Advantages of PPF Account
Here are a few key advantages of having a PPF account:
- If one makes a deposit up to Rs. 1 lakh per annum in the PPF Account. The invested amount is liable to be exempted under Income Tax Act’s Section 80C. The contributions one makes towards PPF account of his/her spouse or/and children also qualifies for tax exemption under the Section 80C of the Income Tax Act, 1961.
- The deduction on tax is also massive up to the interest generated on the PPF account that means the full balance of your PPF account is absolutely exempted from the tax, irrespective of the PPF interest rate. This means that you do not have to pay any tax for return on investment in your PPF.
- With the help of PPF, an individual can create a retirement corpus for future and ensure to have a financially secured life after retirement.
How to find the Existing PPF Interest Rate?
As of now the current PPF interest rate for July- September 2019 is 7.9% which is compounded annually.. It is accessible online and does not vary throughout the year. Here is what one needs to do in order to check that:
- A PPF account holder can get hold of the bank or the post office branch to check the current PPF account’s status.
- If the bank is offering online banking, one can link his/her PPF account to his/her current savings bank account. After getting merged both the accounts, one can access the accounts to check the PPF interest rate and basic functions like making online payments for PPF loans and tracking the status of the account.

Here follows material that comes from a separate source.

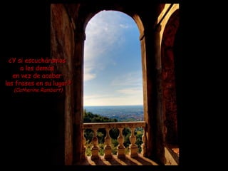 El documento presenta una serie de citas y reflexiones sobre temas como la escucha, la amistad, la aceptación de la vida y el discernimiento entre lo esencial y lo secundario. Algunas de las citas destacan la importancia de realizar buenas acciones sin esperar recompensa, de tener fuerza interior y paz mental, y de que la amistad es esencial para no sentirse solo en el mundo.

One should not get confused between Public Provident Fund (PPF) and Employees Provident Fund (EPF). The PPF and EPF are two different things. PPF is a personal savings account for an individual whose income has not been acquainted via a company or an organization or anyone who is self-employed. Anyone already owning an EPF account can also open this savings investment account. Remember, the PPF interest rate is variable and so does the maturity amount.